Continuing from Bell’s form observations in Victoria (previous post) …
New science
After some intensive but unsystematic searching I found two relatively recent scientific publications which answered my main questions about how Bell’s form relates to the ‘normal’ goanna. It’s easier to discuss the more recent one first, so that’s what I will do.
(1) Photographic evidence
Farquhar et al (2022) had a double aim, firstly to show that iNaturalist records could assist research and secondly to use them to define (and perhaps explain) the range of Bell’s form. His results on the second point confirm common knowledge, i.e., Bell’s form is more common in drier country. He goes on to analyse, in some detail, likely environmental causes for that pattern of distribution.
It is clear that Bell’s form is rare but not unknown in both Lindsay’s territory in north-central Victoria (previous post) and mine in the Townsville region (2016 post).
(2) Genetic variation across the range
Smissen et al (2013) analysed DNA from 90 specimens across the whole range of the species and found there were three clades or genetic groups: one along the coast from about Cooktown down to the Burdekin; one from the Burdekin down to southern Queensland and then on the inland side of the Great Dividing Range (GDR) into northern Victoria; and the third on the coastal side of the GDR from the McPherson Range (Qld/NSW border) to southern Victoria.
Both the ALA page on Varanus varius and Wikipedia incorporate these findings.
(3) Subspecies? No
If separate lineages keep drifting apart for long enough, they may become subspecies (noticeably distinct but still able to interbreed) or full species (unable to interbreed). The Lace Monitor clades have not diverged to this point although one (notoriously unreliable) writer has claimed to identify three subspecies by their markings.

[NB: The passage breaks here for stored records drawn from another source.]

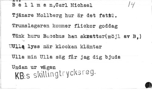 //// B e 1 1 m a n,Carl Michael /7 //// Tjänare Mollberg hur är det fati2. Trumslagaren kommer flickor goddag Tänk huru Bacchus han skcattar(möjl av B,) TJU11% lyss när klockan klämtar TJlla min Ulla säg får jag dig bjuda //// Undan ur vägen //// KB.S skWUngtrycksrag. //// ___ ___ ////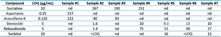 Analysis of commercial beverages. The method was applied to 7 commercially available beverages that listed at least one artificial sweetener on the ingredient list. Sample preparation followed the method above without the additional of the spiking stocks.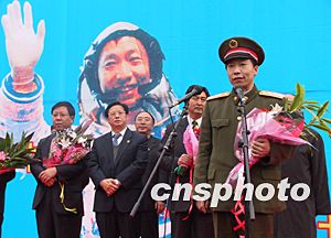 載人航天工程先進事跡報告團一行十三日抵達山城重慶,中國首位航天員楊利偉亦隨團抵達。楊利偉說,重慶是他的第二故鄉,今天他再次感受到了山城人的熱情。圖為楊利偉在重慶舉行的歡迎儀式上致辭。作者:鄒輝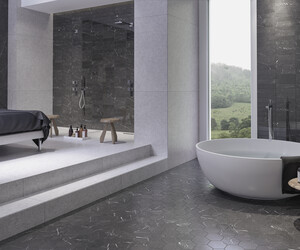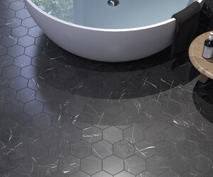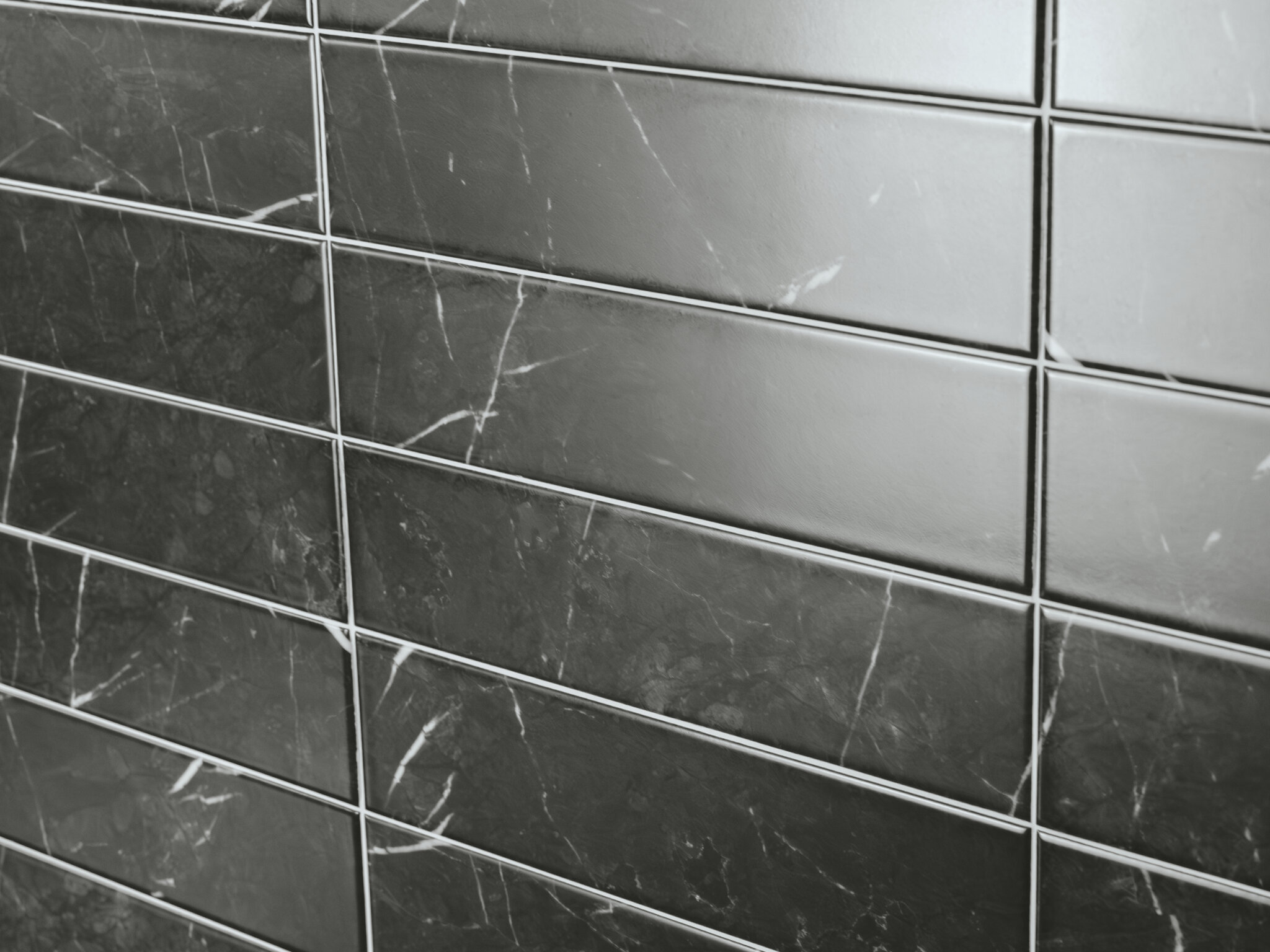 The delicate white veins that break the surface of these black marble effect tiles give it an almost fantastic charm. This material is ideal for interior decoration on floors, walls, bathrooms, kitchen worktops and ornamental pieces, as the combination of black with white brushstrokes is perfect and offers a multitude of possible aesthetic adaptations. This marble-style ceramics of elegant nobility leaves no one indifferent. It offers endless possibilities through its five formats and gloss, polished and matt finishes.
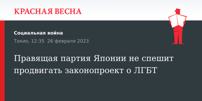 Обсуждение предлагаемого закона, призванного способствовать «пониманию» ЛГБТ, в ближайшее время не намерено проводить руководство правящей Либерально-демократической партии Японии (ЛДП), 26 февраля сообщает The Jiji Press.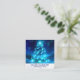 Visitenkarten mit einem modernen elektrischen blauen Weihnachtsbaum. Das Ganze ist mit Lichtern geschmückt. Der Hintergrund ist verschwommen.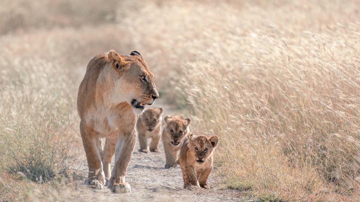 Pośród traw Serengeti Trójka paromiesięcznych kociąt przemierza pod opieką matki równiny Serengeti, porośnięte wysoką i suchą w lipcu trawą. Pod troskliwą opieką lwicy pozostaną nawet do ukończenia drugiego roku życia. To jest czas, w którym matka uczy swoje potomstwo polowania, obrony oraz innych umiejętności potrzebnych do przeżycia. W miarę jak młode stają się bardziej niezależne i zdolne do samodzielnego życia, stopniowo opuszczają grupę rodzinną. Parametry techniczne: Aparat: SONY; Model: ILCE-1; Przysłona: f/6,3; Czas ekspozycji: 1/2000 s; ISO: 640; Ogniskowa: 535 mm; © fot. Tomasz Szpila data dodania: 21-12-2023

Some northern specimens are more spotted than banded, and the difference is great enough that when I saw the one below I wasn’t really sure that it was a Lace Monitor. That doesn’t mean they should be defined as subspecies, however, even after drifting apart for nearly a million years.
Conclusions
If Smissen is correct, Farquhar’s results make sense on the basis of genetics as well as environmental factors. Equally, if Farquhar is correct, we should expect the genetic split identified by Smissen to be advantageous and to persist. (Overlaying the ranges of Smissen’s clades on Farquhar’s map makes the agreement more obvious, but I will leave that to my readers.)
It looks as though ‘Bell’s form’ arises from a mutation existing in only one of the three clades, and the mutation occurs somewhat randomly – much like eye colour inheritance in Homo sapiens. That is, individuals may be ‘Bell’s form’ or ‘Lace form’ and matings of any combination of forms can produce offspring in either form.
There are still some questions to be resolved, of course, starting with the Bell’s form individuals on the NSW mid-North coast and around Townsville. Overlapping ranges? Interbreeding between the clades? Or perhaps every branch of the species carries the genes for Bell’s coloration but the paler form is far less common in wetter areas because it’s disadvantageous there?
But we have to stop somewhere. If Smissen and Farquhar are both broadly correct, as I believe they are, Bell’s form of the Lace Monitor, Varanus varius, is just that: a colour variant. All that we have added is that the mutation seems to occur in only one of three populations of the species.
References
Smissen, P. J., Melville, J., Sumner, J., & Jessop, T. S. (2013). Mountain barriers and river conduits: Phylogeographical structure in a large, mobile lizard (Varanidae: Varanus varius) from eastern Australia. Journal of Biogeography, 40(9), 1729-1740. https://doi.org/10.1111/jbi.12128
Farquhar, J. E., Pili, A., & Russell, W. (2023). Using crowdsourced photographic records to explore geographical variation in colour polymorphism of an Australian varanid. Journal of Biogeography, 50, 1409–1421.